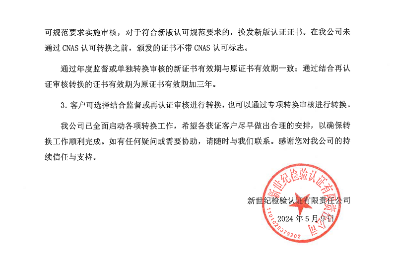 2.2024年6月1日起,我公司不再實施基于舊版認可規(guī)范的審核,開始按照新版認可規(guī)范要求實施審核,對于符合新版認可規(guī)范要求的,換發(fā)新版認證證書。在我公司未通過CNAS認可轉換之前,頒發(fā)的證書不帶CNAS認可標志。
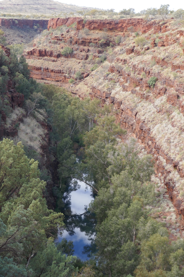 On Monday we all went off to the Dales Camp, which gave us access to the Dales Gorge and the Circular Pool and other Karijini highlights. The descent to Dales Gorge was by way of a steel stairway. I declined this as my knees would probably be okay coming up, but certainly not for the descent. I was actually quite glad to have the opportunity for a couple of hours of solitude, walking along the cliff edge and surveying the grandeur from the top. It really was very beautiful, but in some ways a bit disappointing as, being a bit later in the day, it was a bit dark looking down. The light on the cliffs would have been truly magnificent.
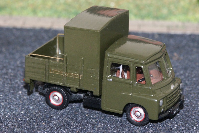 | Details: I feel rather cruel reproducing these photographers somewhat larger than the actual models, but this just serves to show the level of detail incorporated. Les writes: This started life as a Morris LD van made by Trackside models. Once again, dismantle the model by drilling the rivet in the base, taking care not to damage the base. Now comes the tricky bit. Cut the body in half, just behind the doors, using a razor saw. Next I cut out the base leaving the road springs in place along with the fuel tank. At this point I stuck a piece of plastic on top of the fuel tank to give it some depth with liquid plastic cement. I then cut a square of plasticard greater than the cab part of the body, and stuck the two together using Araldite, leaving about 1/8 inch proud on all four sides. When dry, I trimmed off the excess on the two sides and the top (roof), finishing off with a file. The bottom edge I trimmed until it allowed the cab to sit at right angles to the base, so that it sits neatly. The body is scratch built from plastistruct and brass wire for the handrails making a number of dry fits. Once I was satisfied the whole model fitted together well, I spray painted the cab and body in primer. The topcoat is BMC Tundra Green (which is the closest to Chiswick Green) supplied by Halfords. I then stuck the whole model together, cutting the glazing to fit into the new cab. The seats/steering wheel/dash, were also painted a shade of brown, picking out the steering wheel in black. When the whole unit is dry, add transfers and the model is complete. | |||
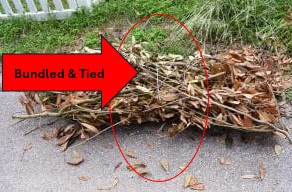 Residents may leave up to six bags of yard waste OR six bundles (or a combination of bags/bundles) at the curb each week.
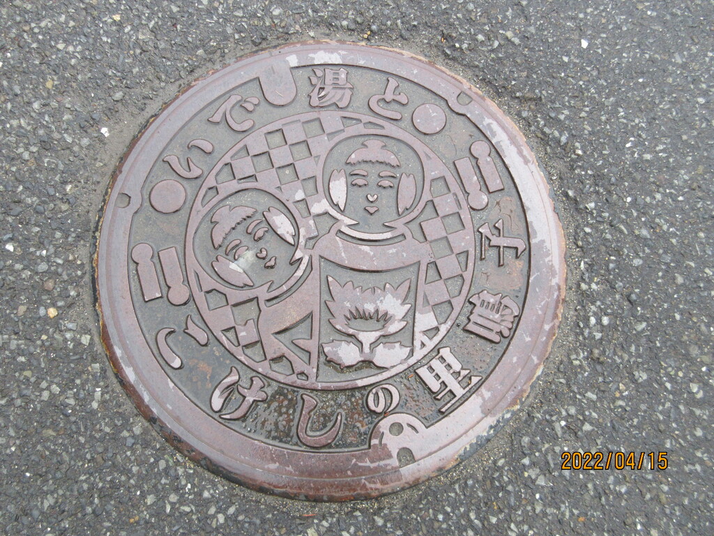 ここは昨日紹介した世界でもトップクラスの超酸性度の高い「潟沼」のある宮城県北部の大崎市鳴子(なるこ)温泉。マンホールは「いで湯と こけしの里 鳴子」。かつては鳴子町でしたが、平成の大合併で2006年3月31日、周辺の松山町、三本木町、鹿島台町、岩出山町、田尻町とともに古川市と合併して大崎市へとなったのでした。行政の中心地は旧古川市にあります。

**Your assignment**
Exactly restate the lines from the beginning of the data through the line with "On Monday we", and no others, keeping pictures out.

**Solution to this exercise**
 2.2024年6月1日起,我公司不再實施基于舊版認可規(guī)范的審核,開始按照新版認可規(guī)范要求實施審核,對于符合新版認可規(guī)范要求的,換發(fā)新版認證證書。在我公司未通過CNAS認可轉換之前,頒發(fā)的證書不帶CNAS認可標志。
 On Monday we all went off to the Dales Camp, which gave us access to the Dales Gorge and the Circular Pool and other Karijini highlights. The descent to Dales Gorge was by way of a steel stairway. I declined this as my knees would probably be okay coming up, but certainly not for the descent. I was actually quite glad to have the opportunity for a couple of hours of solitude, walking along the cliff edge and surveying the grandeur from the top. It really was very beautiful, but in some ways a bit disappointing as, being a bit later in the day, it was a bit dark looking down. The light on the cliffs would have been truly magnificent.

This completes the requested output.